The most obvious structural difference of the overall PAH biofilm was observed for E2 in EtOH. Throughout the overall biofilm, but especially at the air-liquid interface, a structural difference toward prominent microcolonies were observed compared to the more homogeneously grown biofilm under solvent control conditions (Figure 5).
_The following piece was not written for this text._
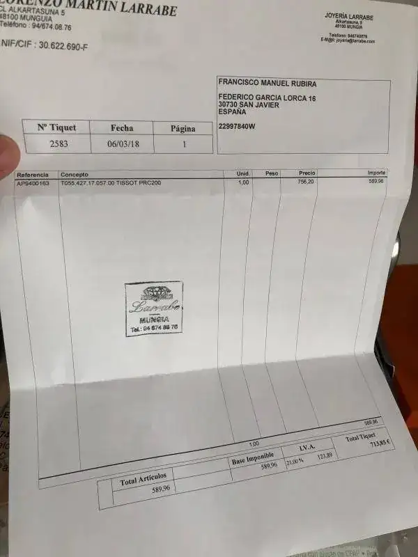 Vendo Tissot PRC 200 AUTOMATICO con tan solo 3 meses ,,puesto muy pocas veces y esta impoluto.comprado en joyería Larrabe el 6-03.2108. fue un regalo de mi madre.
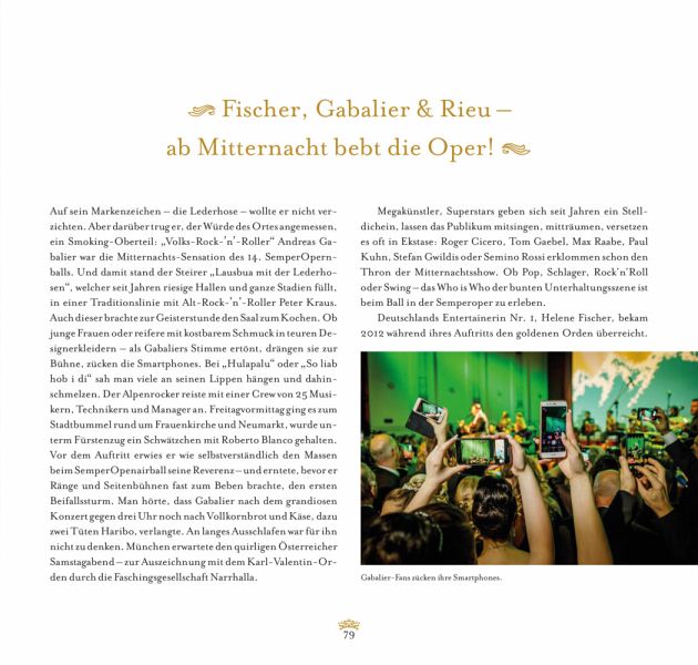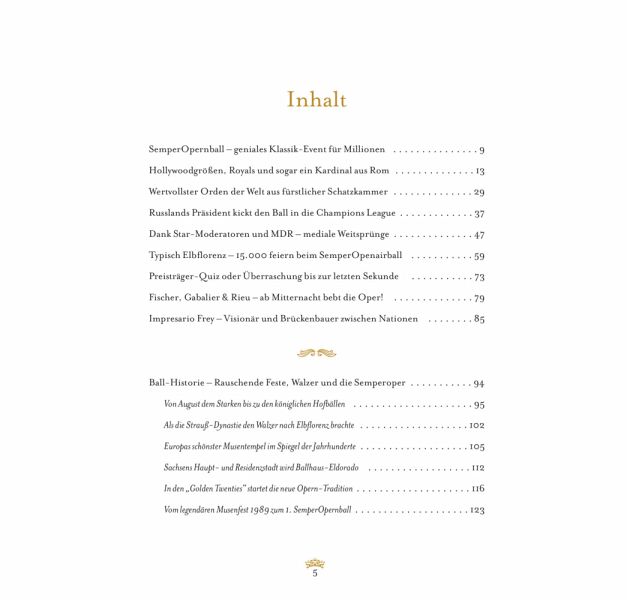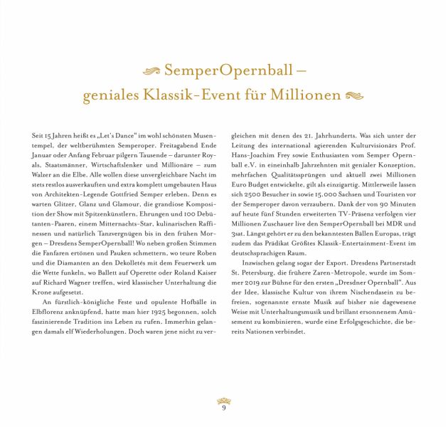 Der Dresdner SemperOpernball in Europas wohl schönstem Musentempel zählt seit Jahren zu den wichtigsten Klassik-Entertainment-Events. Er knüpft an eine Tradition an, die 1925 begann. Seit 2006 vereint der Ball alljährlich rund 2500 Gäste, zu denen Hollywood-Stars, Milliardäre, Monarchen wie Schwedens Königin Silvia oder Fürst Albert II. von Monaco und Staatsmänner wie Wladimir Putin zählen. Mit faszinierender Show, fünfstündiger Live-Übertragung im TV, Verleihung goldener Orden sowie 15.000 Dresdnern und Touristen beim Open-Air-Ball vor der Oper ist er einzigartig. Atemberaubende Momente lässt der opulent illustrierte Band noch einmal Revue passieren, erzählt von den je 100 Debütantenpaaren, weltberühmten Künstlern und Protagonisten um Impresario Hans-Joachim Frey.

Also, such a tendency of bacterial agglomeration into microcolonies embedded in a complex network of EPS could be detected for PAH biofilms grown on transwell insert substrates under the influence of E2 dissolved in EtOH (Supplementary Figure S7). Treatment with E2 dissolved in DMSO resulted in a different distribution of the overall biomass. For the DMSO control biofilm density was higher at the air-liquid interface (Figure 5B, left) while the E2 treated biofilm seemed to build up a dense biofilm including submerged areas of the well substrate (Figure 5B, right). Similar observations were reflected by isolate MHH17767 that was also accompanied by the appearance of elongated cells (Supplementary Figure S10). This influence of E2 dissolved in DMSO on the overall biofilm growth is underpinned by a slight increase of the biofilm-covered area based on the image analysis of SEM pictures, where E2 in DMSO induced a higher coverage area compared to control condition for PAH and C21-C2 (Supplementary Figure S6).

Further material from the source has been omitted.